Во дворе стояла какая-то общипанная елка в серпантине. Кто-то наверно выкинул ее после рождества, а дети воткнули в сугроб, чтоб интереснее было. Ну весь этот выводок, конечно, захотел погулять.
— А мне что? Гуляйте, — сказала я и отправилась в Лизкину квартиру одна.
Интересно, а если бы все эти малыши от пяти до семи лет вот сейчас бы взяли и умерли — было бы мне стыдно? Я подошла к окну и приложила руки к стеклу — почему у меня руки всегда такие неприятно теплые? У меня вообще нормальная температура 37,5, правда!
Интересно, когда кто-нибудь умирает, особенно из близких родственников. Самым поэтическим моментом в моей стародевической жизни была ночь, когда умерла мама. Я даже не плакала, мне даже не было жалко, хоть я ее и любила при жизни — просто так вдруг хорошо стало, будто Ефим посмотрел на меня Акашиными глазами. Ой, Акаша... Что-то теперь будет, но думать об этом не надо, а то на память приходит та старуха в церкви, размазывающая жир по стеклу — у нее наверно работа такая — как я люблю православную церковь — одно послушание, огромное такое послушание, знаю же, что грязное стекло целовать похоже на идолопоклонство, а целую, потому что вне церкви, я вам это совершенно точно говорю, нет спасения.

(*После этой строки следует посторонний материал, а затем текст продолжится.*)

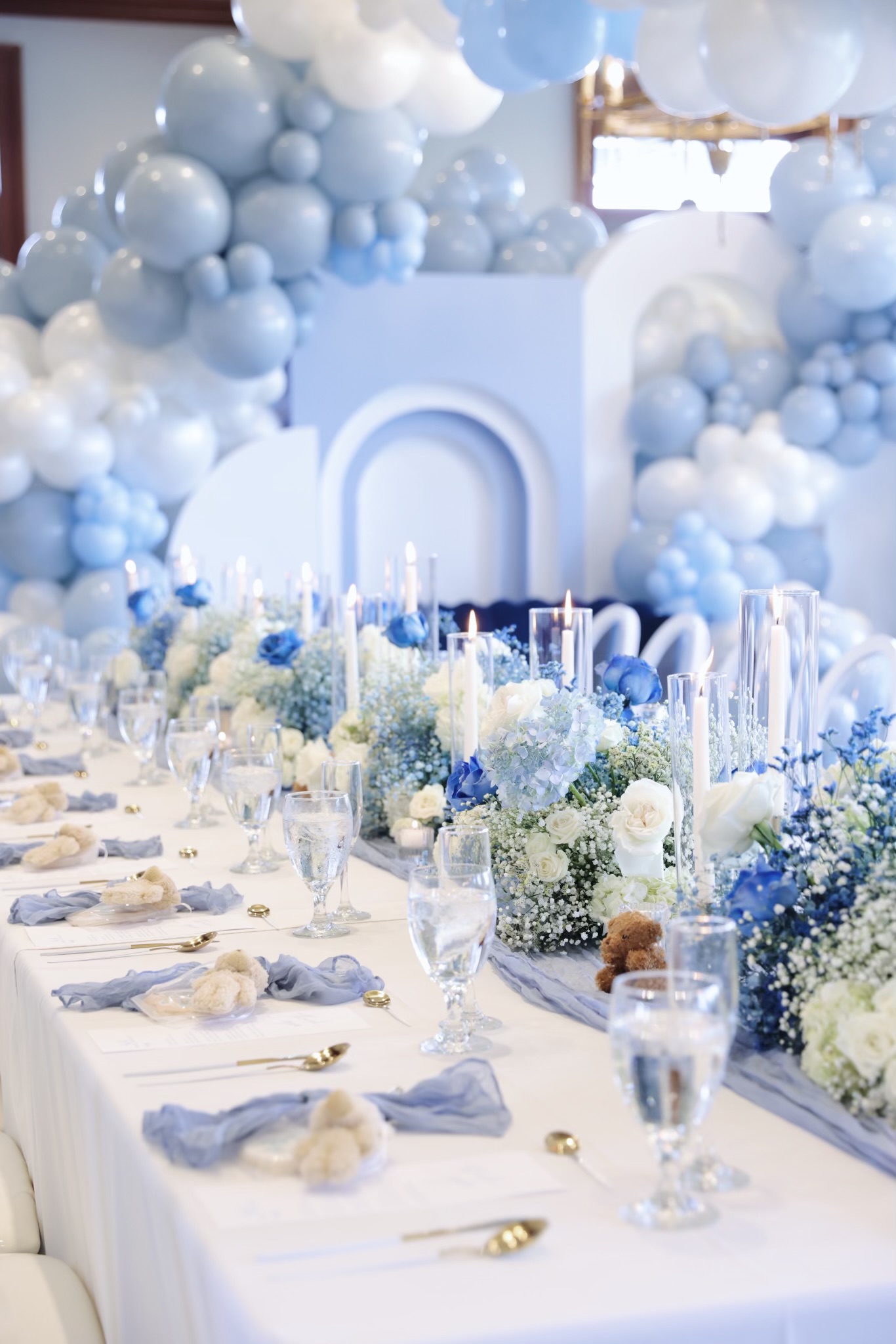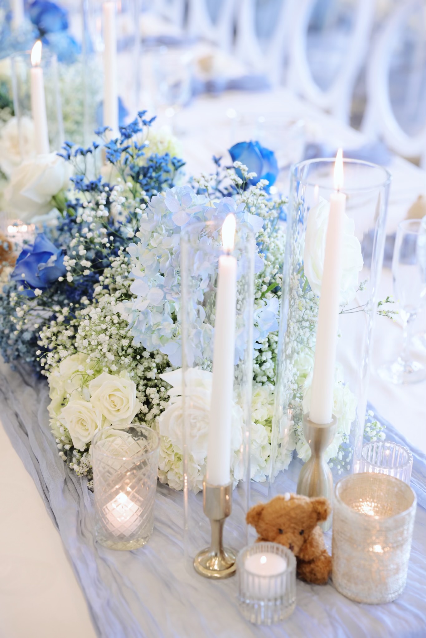“Mom-to-be didn’t want the shower to be too on theme, so we added small touches of ‘baby’ through the tiny teddy bears on each place setting, and the dusty blue color palette incorporated throughout the decorations,” Roberts says.
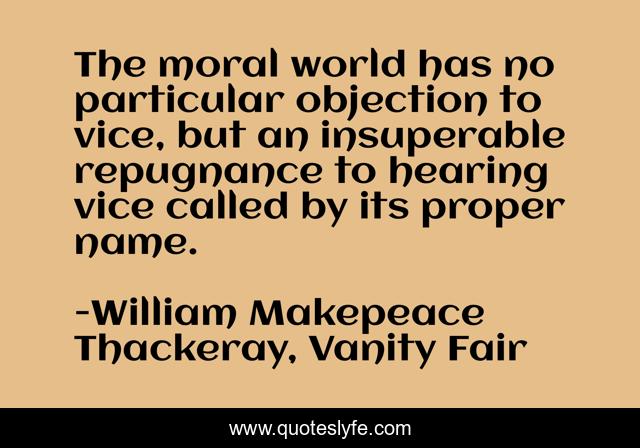 This page presents the quote "The moral world has no particular objection to vice, but an insuperable repugnance to hearing vice called by its proper name.". Author of this quote is William Makepeace Thackeray, Vanity Fair. This quote is about bigotry, dishonesty, morality, double-standards, vice,.
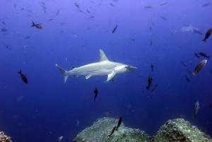 Пробудившись от сна уже на нашем кораблике «Мистраль-2», мы вышли на погружения о которых долго мечтали, первый дайв сайт назывался «NORTH SEYMOUR» и тут же встреча с черепахами, акулами- молотами, серыми акулами, скаты-Орляки.

Я прилегла на диванчик и заснула. Мне снились последние дни жизни матери. Она очень странно умирала. За неделю до смерти она сказала, что во сне ей привиделось, будто потолок над ее кроватью начинает медленно прогибаться, и все ниже, ниже, каждую ночь ниже, а как-то она сказала, что потолок опустился до самой груди, и скоро совсем придавит ее. В ту же ночь она и умерла, прямо во сне. Я тогда вдруг почувствовала несказанное блаженство — простите, я знаю, что это звучит как-то страшно, но разве я не имею право на хоть какую-то откровенность? Жалко, что я всю жизнь провела среди женщин — при мне никогда не умирал мужчина — они в моей семье вымерли еще до моего рождения.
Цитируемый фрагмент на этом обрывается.